Stress is a normal — and expected — party of life. Particularly over the last 1.5 years, many of us have experienced higher than normal levels of anxiety and fret. With so much uncertainty surrounding public health and safety, as well as the economy, you may feel more on edge than ever. And hey, that’s okay! But it also means some of your tried and true stress relief methods are no longer working for you. In the past, you may have been able to turn to meditation, a nap, your fave group workout class, journaling, or other tactics to feel better. If those aren’t effective anymore, you may need new, exciting and unique ways to lower your levels.
Here we spoke with wellness experts to discover the unordinary yet reliable, tricks to combat stress ASAP:
Have a solo dance party.
Music has a way of singing the words we can’t speak ourselves. And we all have songs that we can’t get enough of, which always put us in a better mood or help us to process whatever we are going through. Consider making a playlist of your favorite jams and firing them up the next time you feel overwhelmed. Then, dance (and sing!) it out. When stress feelings start to bubble up, it’s important to try and break the cycle, and change your energy, explains Kelsey Kennedy, the founder of Blossom & Stone. “Nothing can do that faster than taking a dance break,” she says. “With a double hit of dopamine and endorphins releasing, a midday dance party is a great way to banish stress.”
Have an orgasm.
Yep, you read that correctly: it’s time to get frisky. Whether you have sex with a partner or you engage in self-pleasure, this type of activity is a fantastic stress reliever, according to Jennifer S. Heslop, a certified leadership coach. “To become aroused requires stimulation, physical and mental,” she explains. In other words: it forces you to get out of your head and into all of the different things you’re feeling and experiencing.
The process is a lot like replacing bad thoughts with happy ones, but Heslop says the added benefit of physical release. “You remove stress thoughts and replace them by visualizing or thinking about… well, whatever turns you on,” she continues. “Let those endorphins work their magic to chill you out.”
Do something spontaneous.
If you have grown increasingly bored of your day-to-day routine, you may have anxiety just from waking up in the morning. Much like the ‘Sunday Scaries’ for people who don’t love their job, daily triggers are everywhere when you’re suffering from anxiety. The best way to combat these feelings is to disrupt your schedule, according to Lauren Krasnodembski, founder of the Mind Muscle Motivator and the upcoming author of ‘Reclaim Your Power: A Guide to Allow Your Passions and Purpose Discover You!’

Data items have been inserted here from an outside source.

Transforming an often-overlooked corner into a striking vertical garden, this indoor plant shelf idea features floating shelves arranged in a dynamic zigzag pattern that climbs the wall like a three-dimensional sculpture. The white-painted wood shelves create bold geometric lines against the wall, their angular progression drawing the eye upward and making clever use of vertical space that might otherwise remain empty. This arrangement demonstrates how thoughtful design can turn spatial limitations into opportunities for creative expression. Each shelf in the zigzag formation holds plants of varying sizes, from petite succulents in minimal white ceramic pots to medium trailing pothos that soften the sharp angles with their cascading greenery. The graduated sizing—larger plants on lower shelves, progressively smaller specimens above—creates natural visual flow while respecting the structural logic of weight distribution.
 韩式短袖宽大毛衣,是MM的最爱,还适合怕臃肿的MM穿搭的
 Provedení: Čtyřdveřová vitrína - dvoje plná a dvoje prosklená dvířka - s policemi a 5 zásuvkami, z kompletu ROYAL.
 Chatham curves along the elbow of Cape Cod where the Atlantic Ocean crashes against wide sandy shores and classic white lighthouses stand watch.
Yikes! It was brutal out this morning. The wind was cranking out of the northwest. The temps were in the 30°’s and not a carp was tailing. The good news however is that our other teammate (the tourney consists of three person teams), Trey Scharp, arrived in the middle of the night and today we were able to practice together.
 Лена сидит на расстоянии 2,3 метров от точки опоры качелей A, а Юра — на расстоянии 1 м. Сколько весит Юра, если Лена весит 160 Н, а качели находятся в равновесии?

“This could be as simple as taking a new route to a location that you go to several times a week, trying out a new restaurant or coffee shop, taking a dance class, or maybe getting up a little earlier and starting the day for you!,” she shares. “Whatever it is, disrupt your routine and cycle.”
Walk it out.
We already know that working out can get us out of our heads, into our bodies, and feeling rejuvenated. However, it’s easy to fall into a rut of the same ‘ole fitness classes and eventually feel discouraged because you’re no longer engaged. Also, for those who are experiencing crippling stress, the very thought of heading to the gym or loading up a workout class can feel daunting. Instead, take it down a notch and challenge yourself to go for a walk, recommends Drew Cali, a psychic medium and reiki master teacher. If you can, take your 15 to 30-minute stroll outside, in nature, with your phone on airplane mode.

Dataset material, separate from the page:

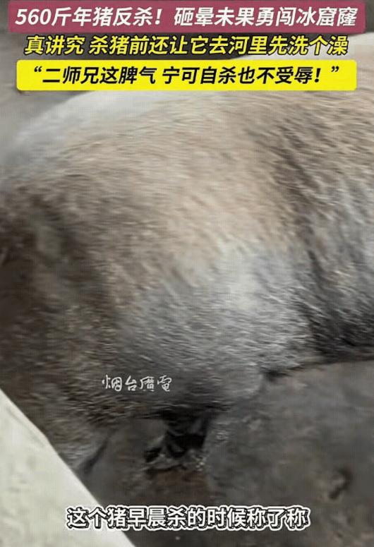 “万万没想到!”山东烟台,一男子家杀年猪,不料,因猪太重,4个人按不住,男子就想着拿东西先把猪给敲晕在杀,不曾想猪没被敲晕还因此受惊逃跑了,由于男子家离水库比较近,猪不知道往哪里跑就一头扎进了水库的冰窟窿里。 烟台水库的午后,风是带刀子的。站在岸边如果不捂严实了,呼出的白气能瞬间在眉毛上结霜。也就是在这个把人冻透的时间点,冰面上那个炸裂开的黑窟窿旁,终于有了动静。 这绝对不是那种冬捕丰收的喜庆场面。岸边那几个穿着厚棉袄的汉子,费了半天劲,从刺骨的冰水里拖上来一个庞然大物。那是一头黑毛猪,身板硬得像块铁,早就没了气。 这不是一般的家畜,而是一头重达560斤的巨物。为了这头猪,这家人足足喂了一年的饲料,把它喂得像辆小坦克。可现在,这辆“坦克”安静地躺在冰面上,浑身滴着冰水,只留给主人一个无比尴尬且昂贵的结局。 把时间的指针拨回清晨,这本该是一场充满烟火气的杀年猪仪式。户主心里是有数的,560斤的活物,根本不是一两个人能摆平的。所以他特意摇了人,凑齐了四个身强力壮的亲友,组成了顶配的“屠宰小队”。 按理说,四个壮汉对付一头猪,这就是降维打击。但人们往往在静态数据面前,严重低估了生物求生的本能。当四双手按上猪背的那一刻,事情就开始失控了。 猪这种生物,平时看着笨重迟缓,哼哼唧唧,可一旦嗅到了生死的味道,那种爆发力是惊人的。560斤的体重配合肌肉的剧烈抽搐,瞬间产生的动能,直接让四个成年人的重心像纸片一样被掀翻。 院子里乱成了一锅粥,尘土和叫喊声混在一起。眼瞅着按不住,户主脑门一热,做了一个致命的决策:他抄起手边的家伙,试图给猪头来一下狠的,想通过物理击打把它震晕。 这一招在农村的老把式里或许有用,但这次,它成了引爆火药桶的最后一颗火星。那一记重击并没有击穿猪的防御,反而剧烈的疼痛瞬间激活了它的肾上腺素。 这头黑猪彻底疯了,它不再是挣扎,而是进入了狂暴的应激状态。它猛地一甩头,像一颗出膛的炮弹,直接冲破了那个脆弱的人肉包围圈。 一旦冲出了院门,这事儿就彻底不由人说了算了。猪已经失去了方向感,唯一的念头就是远离那些给它制造疼痛的人。它慌不择路,一头扎向了离家不远的水库。 这里埋伏着一个致命的地理陷阱。水库的冰面乍一看平整如镜,其实暗藏杀机。尤其是那些曾经被打鱼人凿开过的冰眼,即便重新冻上,承重力也大打折扣。 猪哪里懂这些?它带着几百斤的惯性冲上去,甚至没给冰面反应的时间。只听见咔嚓一声脆响,冰层崩裂,巨大的水花溅起,那团黑影瞬间就被吞噬了。 追到岸边的四个人,刹车声还没停稳,心就凉了半截。冰面上只剩下一个黑黢黢的窟窿,连个水泡都没冒上来。 这时候谁敢下去?哪怕再心疼,也没人敢拿命去赌冰层的厚度。大家只能在岸边干着急,拿着长杆子试探,眼睁睁看着时间从清晨流逝到中午。 等终于把猪打捞上来的时候,一切都晚了。懂行的人只要看一眼猪尸的颜色,就知道这笔买卖亏大了。 杀年猪最讲究的就是那一刀放血。血放净了,肉才鲜亮。而这头猪是活生生淹死、冻死的,血液全部凝固在血管和肌肉里。此刻,猪身上肥肉泛红,瘦肉发紫,一股散不掉的腥气已经透了出来。 这几百斤肉,大概率是废了。这一年的饲料钱、精力,还有这本该热热闹闹的年味,全都随着那个冰窟窿沉了底。 这事儿被传到了网上,不少人把这当成个段子看,说什么“二师兄最后的倔强”,或者戏谑它“宁死不屈”。屏幕外的看客笑得开心,因为痛感没有传导到他们身上。 但如果我们把视角从滑稽的猪身上移开,盯着那个冰窟窿多看几秒,你会感到一种后背发凉的恐惧。 农村这种自发组织的杀猪局,说白了就是个缺乏风控的草台班子。工具是随手的,方案是临时的,甚至连场地周边的风险那个近在咫尺的水库都被完全无视了。 如果当时那四个杀红了眼的汉子,为了追猪也跟着冲上了冰面呢?如果掉进那个窟窿里的不是猪,而是那个挥舞着棍棒的户主呢? 那就不再是一个关于“惜财”的故事,而是一起足以让几个家庭破碎的安全事故。这头560斤的黑猪,用一种极其惨烈的方式,给所有人上了一堂昂贵的物理课:在失控的力量和脆弱的冰层面前,人那点侥幸心理,真的不值一提。

“All you must do is literally put one foot in front of the other and breathe! When starting out, do not overdo it. Approach with a nice and easy attitude,” he explains. “This could potentially be a game-changer in the long run for a better physical, mental, and emotional sense of well-being and a more positive outlook.”
Find a mindless distraction.
When scary thoughts are spiraling through your mind, it can be difficult — if not impossible — to gain control. One worrisome notion turns into ten, and soon, you feel paralyzed to make a move or make a difference. Before you surrender to the stress, try to discover ways to distract yourself that are healthy. While, sure, this includes the typical go-to methods of talking to a friend or moving your body, it can also be helpful to get creative, says Andrea Dindinger, a licensed marriage and family therapist.

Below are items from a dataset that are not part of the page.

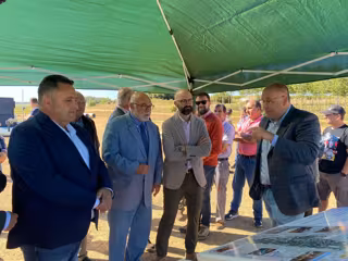 El presidente de SEIASA, Francisco Rodríguez Mulero, y el subdelegado del Gobierno en León, Héctor Alaiz, junto a las comunidades de regantes en su visita a las obras - MINISTERIO DE AGRICULTURA
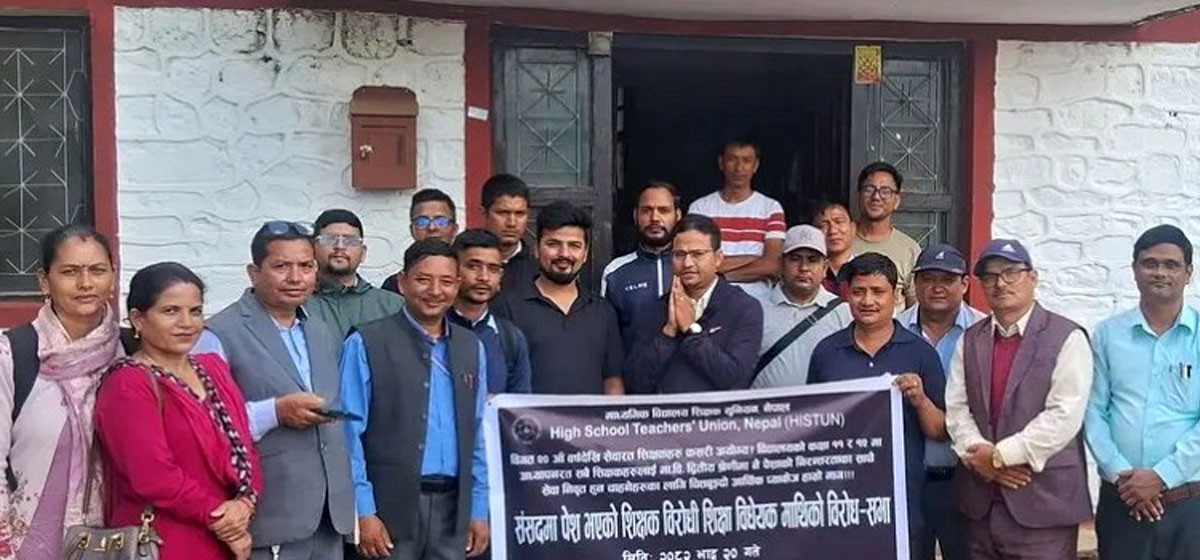 माध्यमिक विद्यालय शिक्षक युनियन नेपाल (हिस्टुन) ले शनिबार देशभर प्रदर्शन गरेको छ । राज्यले नयाँ शिक्षा ऐन जारी गर्न लागिरहँदा शिक्षा विधेयकमा समेटिएका प्रावधानले शिक्षकको पेशागत भविष्य सुनिश्चित नहुने ठहरका साथ देशभर आन्दोलन चलिरहेको हिस्टुनले जनाएको छ ।
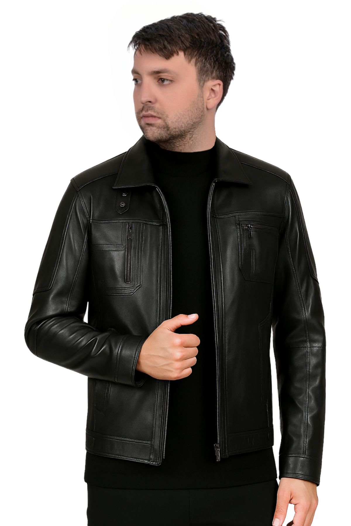 , özel işçilikle hazırlanan siyah rengiyle zamansız bir stil sunuyor. %100 gerçek deriden üretilen bu ceket, dayanıklı yapısı ve doğal parlaklığı ile uzun ömürlü kullanım sağlar.
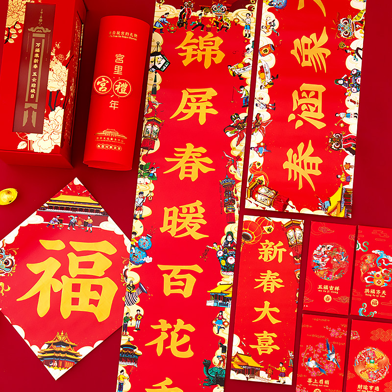 Forbidden City Wenchuang 2023 New Year of the Rabbit New Couplet Gift Package Spring Festival couplets for the New Year Spring Festival God of Wealth Fu word door stickers for home use
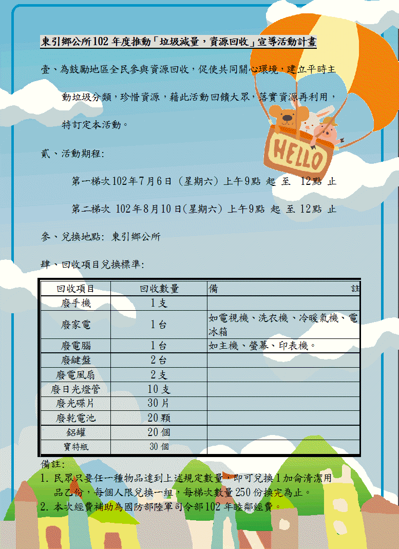 東引鄉公所 垃圾減量,資源回收 宣導計畫
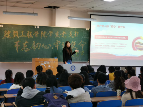 青春告白祖国,抒发报国之志。在主题教育期间,建工学院党委组织师生党员开展“学习强国”积分评比活动,坚持把学习教育贯穿主题教育全过程。学生党员历时近一个月,拍摄了《我和我的祖国》微视频,表达对党、对祖国的炽热情怀,用青春深情告白伟大祖国。学院党委还组织师生开展了义务清扫专业教室、美化院系橱窗等志愿服务活动和主题党日活动,充分展示了共产党员积极为师生服务的良好形象。学院党委书记和党支部书记先后为师生党员讲授专题党课,进一步激发了同学们坚持用把习近平新时代中国特色社会主义思想武装头脑、努力学好专业文化知识、不断提高自身综合素质、勇于担当民族复兴大任的内在动力,矢志为中华民族伟大复兴贡献自己的青春力量。

Her two biggest recommendations are magnetic balls like these and a water painting craft. “These fun, colorful magnetic fidget balls help you stay focused when your stress and anxiety start to peak, whether it’s separating them into different colors, making them into a huge rainbow ring or just feeling the cool smoothness on your hand,” she explains. “They help quiet the mind and give the anxiety energy a place to disperse out of the body.”
If you prefer the artistic route, consider the Buddha Board. “This board lets you create a painting that magically evaporates, helping you practice accepting change and the fact that nothing is permanent,” she says. “This calms the mind and keeps you from attaching stress to things you cannot control and to remind yourself to enjoy this moment while it lasts, because nothing lasts, not even the stress of the moment.”